NRAs (National Regulatory Authorities) are the independent energy regulators in each EU member state, collectively forming ACER's enforcement network across the European Union. Under REMIT (the EU Regulation on wholesale energy market Integrity and transparency) and its updated REMIT 2.0 framework, NRAs are responsible for investigating and sanctioning market abuse in their national jurisdictions, coordinating through ACER where cross-border activity is involved. In 2025, NRAs filed 204 STORs (Suspicious Transaction and Order Reports) across the 27-member network, double the 2024 figure, generating the enforcement dataset that ACER's May 2026 annual report drew on .

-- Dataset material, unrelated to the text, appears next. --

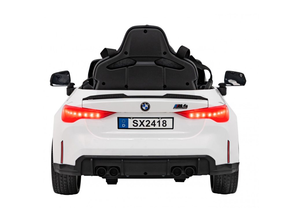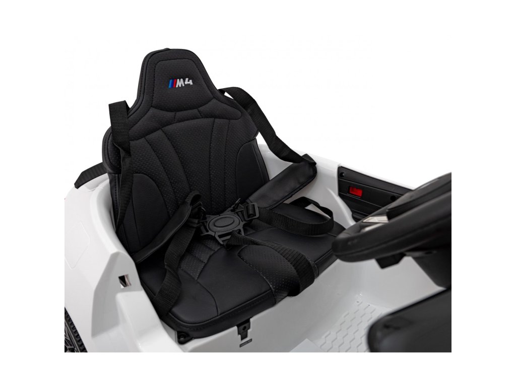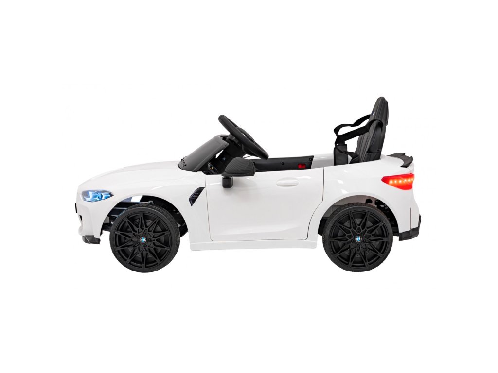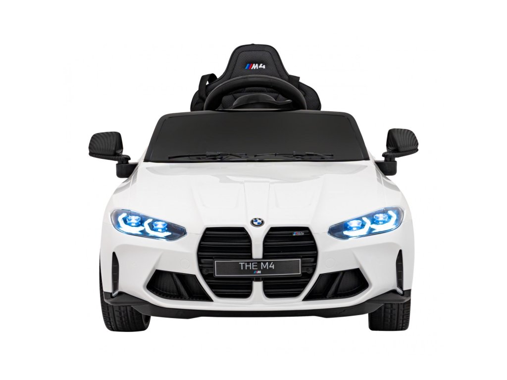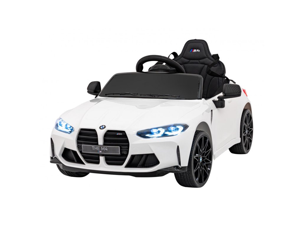 Акумулаторна кола BMW M4 бяло разполага с два мотора с обща мощност от 70W и акумулаторна батерия с капацитет 12V 7Ah. Комфортното шофиране се гарантира от пяна EVA гуми и седалка, облицована с екологична кожена тапицерия. За още по-приятно преживяване на детето са включени музикален панел с MP3, USB, AUX и Bluetooth функционалности. Максималното натоварване на автомобилчето е 30 кг. Колата разполага с предно и задно LED осветление и отварящи се врати.

NRAs include major regulators such as Bundesnetzagentur (Germany), Ofgem (UK, now no longer an EU NRA post-Brexit), CNMC (Spain), CRE (France), and Autorità di Regolazione per Energia Reti e Ambiente (ARERA, Italy). ACER coordinates the network but does not have direct enforcement powers against individual market participants; that authority rests with each NRA in its jurisdiction. NRA capacity varies significantly: larger member states maintain dedicated REMIT enforcement teams while smaller member states share resource across regulatory functions.

The REMIT 2.0 T+10 reporting deadline of 12 May 2026 will substantially increase the data volume flowing to NRAs from trading intermediaries. ACER's May 2026 enforcement report implicitly acknowledges that NRA capacity is already stretched by the 2025 STOR doubling before the new data arrives. The first REMIT 2.0 enforcement action originating from an NRA will set the domestic and cross-border precedent tariff for the post-T+10 compliance era.